The Commonwealth Bank did not fully rectify the "coding error" at the centre of the money laundering and terrorism financing scandal engulfing the bank until two years after it first discovered the problem.

CBA allegedly took two years to fully fix its IDM software error

CBA has been taken to court by financial regulator AUSTRAC for allegedly failing to properly report $77 million in suspicious transactions that flowed through its intelligent deposit machines (IDMs) over three years.

The bank introduced the intelligent deposit machines - a form of ATM - in May 2012. The machines instantly credit cash and cheque deposits to the recipient's account, and make the funds immediately available for transfer, including internationally.

They are capable of accepting up to 200 notes per transaction - and therefore a maximum $20,000 deposit per transaction - but have no daily transaction limit.

AUSTRAC says CBA did not assess the potential for money laundering and terrorism financing to be conducted through the IDMs before it rolled the technology out.

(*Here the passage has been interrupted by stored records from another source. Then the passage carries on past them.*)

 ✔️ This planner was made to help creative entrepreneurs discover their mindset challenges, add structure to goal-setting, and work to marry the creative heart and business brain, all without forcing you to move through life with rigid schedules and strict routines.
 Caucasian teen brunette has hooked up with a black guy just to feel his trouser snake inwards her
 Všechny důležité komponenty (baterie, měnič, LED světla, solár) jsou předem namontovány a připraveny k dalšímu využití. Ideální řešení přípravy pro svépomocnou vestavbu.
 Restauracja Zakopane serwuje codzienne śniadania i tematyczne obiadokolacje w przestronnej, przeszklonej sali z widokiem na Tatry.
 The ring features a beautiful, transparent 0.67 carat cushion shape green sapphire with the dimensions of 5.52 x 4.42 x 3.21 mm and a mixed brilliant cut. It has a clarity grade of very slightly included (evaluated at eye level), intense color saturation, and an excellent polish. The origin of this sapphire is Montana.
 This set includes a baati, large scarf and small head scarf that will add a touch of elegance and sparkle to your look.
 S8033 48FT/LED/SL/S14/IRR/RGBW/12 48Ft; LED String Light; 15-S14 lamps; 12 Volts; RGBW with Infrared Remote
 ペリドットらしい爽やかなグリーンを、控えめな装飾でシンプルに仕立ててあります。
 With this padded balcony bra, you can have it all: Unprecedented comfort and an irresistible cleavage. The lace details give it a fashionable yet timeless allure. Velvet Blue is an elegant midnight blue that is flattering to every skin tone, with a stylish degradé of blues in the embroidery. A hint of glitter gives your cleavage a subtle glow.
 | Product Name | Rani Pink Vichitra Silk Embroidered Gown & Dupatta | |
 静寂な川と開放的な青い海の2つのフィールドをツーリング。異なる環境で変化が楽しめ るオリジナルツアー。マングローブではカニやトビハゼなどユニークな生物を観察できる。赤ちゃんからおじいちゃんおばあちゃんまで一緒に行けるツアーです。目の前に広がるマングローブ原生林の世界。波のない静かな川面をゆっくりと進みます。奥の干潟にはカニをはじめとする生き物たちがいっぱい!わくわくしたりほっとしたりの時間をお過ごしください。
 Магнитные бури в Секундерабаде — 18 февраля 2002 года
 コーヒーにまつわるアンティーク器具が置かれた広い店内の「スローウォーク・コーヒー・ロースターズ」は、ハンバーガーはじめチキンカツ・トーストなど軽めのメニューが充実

It claims no such assessment was undertaken until three years later in July 2015, after $8.9 billion in cash deposits had passed through the machines.

According to AUSTRAC, CBA failed to act despite an "exponential" rise in deposits, warnings from its transaction monitoring systems, and police identification of money laundering through the machines.

What went wrong?

Banks are required to report to AUSTRAC any "threshold transactions" (TTRs) involving more than $10,000 in physical currency within 10 business days.

CBA failed to meet the deadline for reporting for 53,506 such transactions between November 2012 to September 2015, AUSTRAC alleges.

These transactions represented around 95 percent of all TTRs made through the bank's IDMs in that period, at a value of $624.7 million.

A number of these late - if at all - reported TTRs were allegedly connected to money laundering syndicates under investigation by the AFP, while others had been allegedly assessed by CBA as posing a potential risk of terrorism financing, AUSTRAC's court documents made public yesterday state.

AUSTRAC said it has identified significant policy and governance failures with CBA's approach to its suspicious matter reports to the financial regulator.

But it also revealed that CBA's efforts to fix what it has called a "coding error" that prevented TTR reports from being created took a full two years to complete.

The unidentified error - CBA declined to comment - was first spotted on June 16 2014, and affected the monitoring of 778,370 accounts, according to AUSTRAC.

CBA updated its financial crimes platform to resolve the error for active accounts within the affected bundle on September 14 that year, but this didn't fix the issue for all the targeted accounts until November 30.

Further, the error was not resolved for all of the inactive accounts within the 778,370 until September 27 2016, AUSTRAC alleges.

CBA said its IDMs have been providing the correct threshold transaction reports since September 2015.

The bank's board today voted to cut executives' short-term variable bonuses for this year over the scandal, and reduce non-executive director fees by 20 percent.

The matter is listed for its first case management hearing on September 4. 

Update 9/8: On Wednesday CBA said it would spend $40 million over the next 12 months upgrading its financial crimes platform to new, unspecified, technology.